I fully agree. Server systems these days have even TBs of memory to play with. In addition to initializing primary map, N_PRIMARY_BITS come into play also in mc_expensive_sanity_check(). Hopefully it won't be a big deal.
I had hoped to do this for 3.12.0, but after looking at the #ifdef swamp in VG_(am_startup) that sets aspacem_maxAddr, I think it is too risky, because of the number of different cases that need to be verified. So I'd propose to leave it till after the release.
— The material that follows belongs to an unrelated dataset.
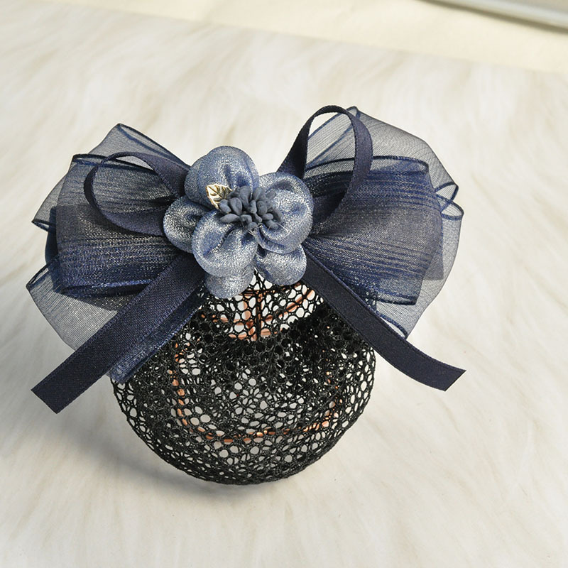 流行の頭の花2022年の新型の青い蝶結びの頭飾りの女性の空乗の看護婦の髪の精致な髪のネットの卸売り
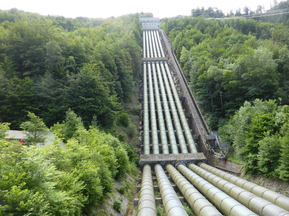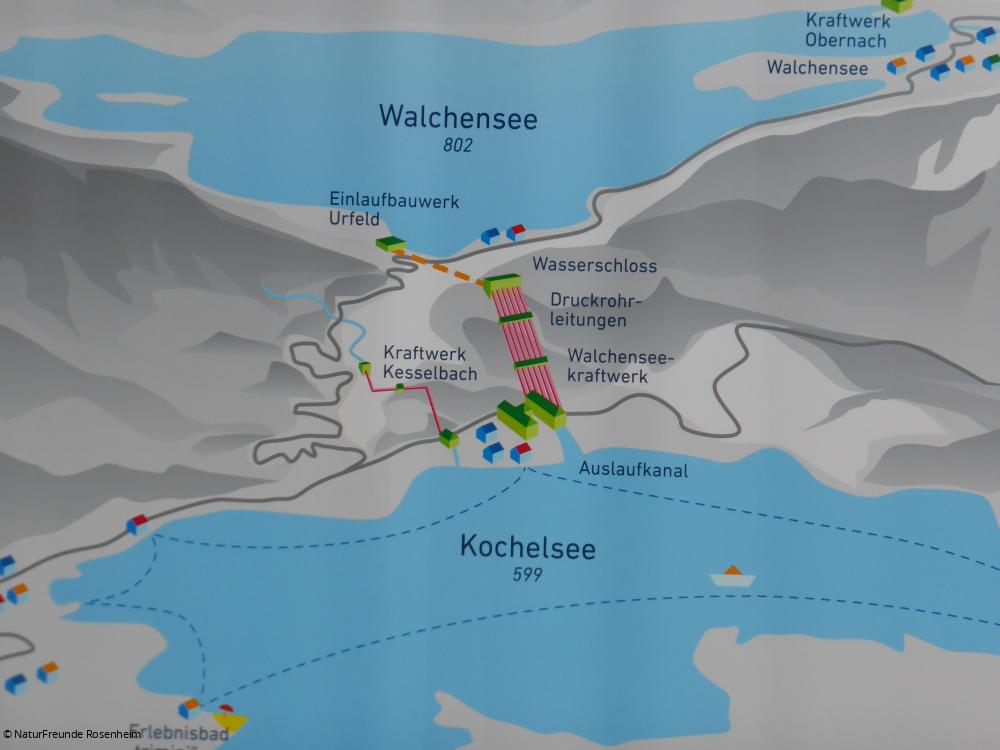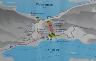 Die erste Station unserer "Fahrt ins Blaue" war eines der größten Hochdruck-Speicher-Kraftwerke Deutschlands: das Walchensee-Kraftwerk in Kochel. „Die weiße Kohle“ nannte Oskar v. Miller die Wasserkraft, den wertvollsten Bodenschatz Bayerns. Durch ein ausgeklügeltes System wird Wasser aus dem Walchensee mit einem Gefälle von circa 200 Meter durch Rohrverbindungen zu den Generatoren des Kraftwerks geleitet und fließt dann in den Kochelsee ab.

The number of users that this will affect is tiny and those that really need it in 3.12.x can cherry pick the trunk commit into their own custom 3.12.x build, once we fix it on the trunk.
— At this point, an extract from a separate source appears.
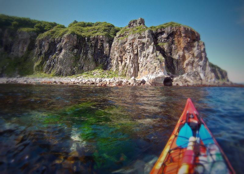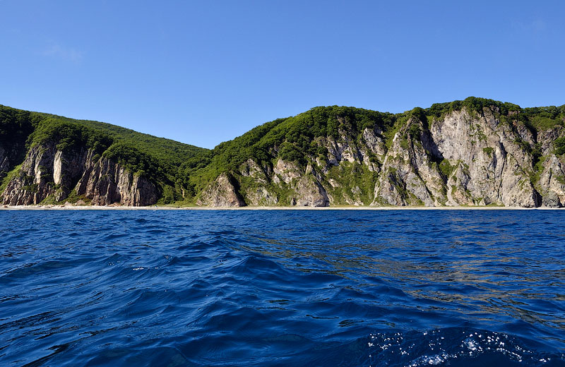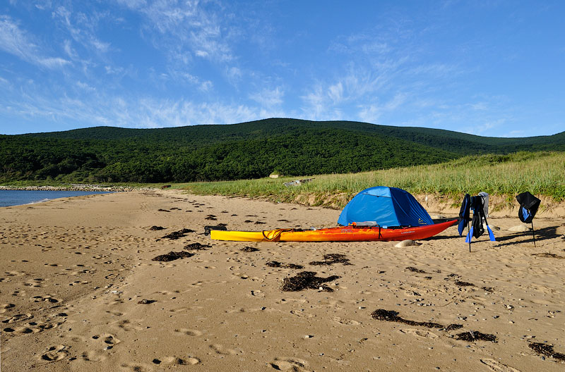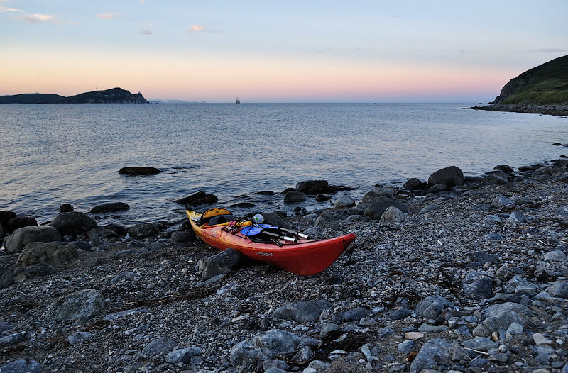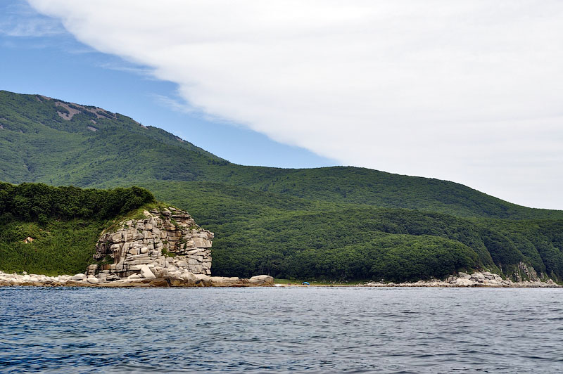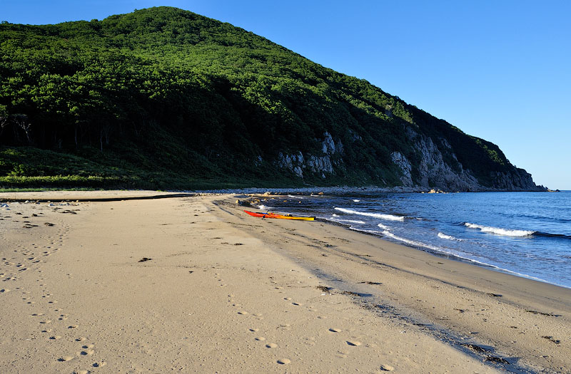 Далее встретился еще один, ну а затем пошли уже сплошные пологие берега вплоть до залива Ольги. Дойдя до мыса Мраморный, что на входе в залив, и оценив идущие дальше скалы, решил, что для 19 часов бухта, которую только что пересек, будет самым оптимальным вариантом для моего выхода на берег. |

Created attachment 105548 [details] test case (allocgig.c)
Created attachment 105549 [details] Proposed fix (so far, Linux only)
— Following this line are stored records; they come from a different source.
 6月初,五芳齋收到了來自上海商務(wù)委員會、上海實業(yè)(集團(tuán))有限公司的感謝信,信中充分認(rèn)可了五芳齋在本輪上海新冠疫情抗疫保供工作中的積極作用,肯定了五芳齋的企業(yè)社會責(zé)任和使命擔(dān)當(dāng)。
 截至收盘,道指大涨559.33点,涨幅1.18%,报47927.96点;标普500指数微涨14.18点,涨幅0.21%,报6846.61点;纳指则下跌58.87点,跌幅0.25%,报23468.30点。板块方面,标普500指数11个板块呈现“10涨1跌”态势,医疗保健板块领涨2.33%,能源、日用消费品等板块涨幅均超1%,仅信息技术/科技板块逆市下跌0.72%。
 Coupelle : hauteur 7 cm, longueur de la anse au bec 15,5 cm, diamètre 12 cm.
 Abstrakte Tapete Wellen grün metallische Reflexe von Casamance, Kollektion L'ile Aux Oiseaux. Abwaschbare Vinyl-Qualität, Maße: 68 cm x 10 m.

Fails at 32Gb without patch: trying for 31 GB .. ==12078== Warning: set address range perms: large range [0x3960c040, 0x7f960c040) (defined) .. OK ==12078== Warning: set address range perms: large range [0x3960c028, 0x7f960c058) (noaccess) trying for 32 GB .. allocgig: allocgig.c:15: main: Assertion `p' failed. ==12078== ==12078== Process terminating with default action of signal 6 (SIGABRT) ==12078== at 0x4E6E428: raise (raise.c:54) ==12078== by 0x4E70029: abort (abort.c:89) ==12078== by 0x4E66BD6: __assert_fail_base (assert.c:92) ==12078== by 0x4E66C81: __assert_fail (assert.c:101) ==12078== by 0x400700: main (in /home/tomh/allocgig) and at 64Gb with the patch: trying for 63 GB .. ==14020== Warning: set address range perms: large range [0x10060c4040, 0x1fc60c4040) (defined) .. OK ==14020== Warning: set address range perms: large range [0x10060c4028, 0x1fc60c4058) (noaccess) trying for 64 GB .. allocgig: allocgig.c:15: main: Assertion `p' failed. ==14020== ==14020== Process terminating with default action of signal 6 (SIGABRT) ==14020== at 0x4E6E428: raise (raise.c:54) ==14020== by 0x4E70029: abort (abort.c:89) ==14020== by 0x4E66BD6: __assert_fail_base (assert.c:92) ==14020== by 0x4E66C81: __assert_fail (assert.c:101) ==14020== by 0x400700: main (in /home/tomh/allocgig)
Created attachment 105561 [details] Proposed fix (so far, Linux and Solaris only) Solaris changes.
Unfortunately I do not have a machine with >32 GB of physical memory where I can install Solaris and try it out. Solaris does not overcommit when allocating memory. Regression tests passed ok.
Solaris and Linux limit increased to 128GB in r16381. OSX is so far unchanged. Rhys, do you want to change OSX too? I think nothing will break if OSX isn't changed. So, as you like.
Closing, for now. If we need to change the OSX limits later then, well, fine.
Any changes for macOS can come later.